Key Experimental Results¶
Main Results¶
UltraDomain Pure Text Global QA (vs. LightRAG, Win Rate %, higher is better):
| Domain | Comprehensiveness | Diversity | Empowerment | Overall |
|---|---|---|---|---|
| Agriculture | 65.6 vs 4.0 | 70.4 vs 10.4 | 76.0 vs 4.8 | 75.2 vs 4.8 |
| CS | 68.8 vs 3.2 | 72.0 vs 12.8 | 75.2 vs 10.4 | 76.8 vs 4.8 |
| Legal | 54.4 vs 9.6 | 69.6 vs 14.4 | 73.6 vs 12.0 | 72.0 vs 11.2 |
| Mix | 76.8 vs 3.2 | 76.8 vs 11.2 | 80.8 vs 4.0 | 80.0 vs 7.2 |
Multimodal Local QA (Accuracy %):
| Method | SlideVQA(2k) | FinReport | FinSlides | TechReport | TechSlides |
|---|---|---|---|---|---|
| NaiveRAG | 11.34 | 29.66 | 14.64 | 36.63 | 32.94 |
| GraphRAG (L) | 6.80 | 24.50 | 11.98 | 29.60 | 26.81 |
| LightRAG | 27.66 | 31.30 | 13.02 | 42.74 | 31.39 |
| MegaRAG | 64.85 | 39.51 | 58.37 | 51.51 | 60.86 |
MegaRAG is 2.3x better than the strongest baseline LightRAG on SlideVQA(2k); the absolute gain on FinSlides is as high as +45 pt.

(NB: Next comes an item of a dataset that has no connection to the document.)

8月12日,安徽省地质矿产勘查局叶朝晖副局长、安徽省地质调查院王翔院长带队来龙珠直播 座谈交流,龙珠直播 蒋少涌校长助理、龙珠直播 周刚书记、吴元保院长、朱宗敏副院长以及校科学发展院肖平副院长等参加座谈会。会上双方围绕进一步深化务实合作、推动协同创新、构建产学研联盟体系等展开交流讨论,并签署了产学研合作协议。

Ablation Study (DLCV / World History Multimodal Global QA, Win Rate %)¶
| Configuration | DLCV Overall | World History Overall | Description |
|---|---|---|---|
| MegaRAG (full) | — | — | Full model |
| A1: text-only graph | 14.4 / 57.6 / 28.0 | 1.6 / 78.4 / 20.0 | Remove all visual inputs during graph construction |
| A2: Page Retrieval Only (No MMKG) | 0.0 / 100.0 / 0.0 | 0.8 / 91.2 / 8.0 | Remove KG retrieval, rely only on page retrieval |
| A3: Single-stage Fusion | 1.6 / 61.6 / 36.8 | 0.8 / 75.2 / 24.0 | No decoupling of graph and visual answers |
Format: "A_x Win / MegaRAG Win / Tie".
Key Findings¶
- MMKG retrieval is the most beneficial module: In A2, removing the KG leads to MegaRAG winning nearly 100% of the time, indicating that multi-hop reasoning in visual documents depends almost entirely on the structured graph.
- Visual entity construction is the second most critical factor: In A1, removing visual inputs loses chart semantics, with the largest drop seen in slide-heavy data like DLCV—proving that chart nodes are not decorative but provide grounding.
- Two-stage generation contributes most to Diversity / Empowerment: In A3, single-prompt fusion causes the MLLM to favor text, leading to answers lacking the diversity provided by visual evidence.
Highlights & Insights¶
- "Subgraph-as-prompt" is a universal design: MegaRAG does not feed the entire graph back but dynamically recalls the "most relevant small piece of global structure" for each page. This can be transferred to any refinement scenario involving global information + local chunks, such as long document summarization or code repository analysis.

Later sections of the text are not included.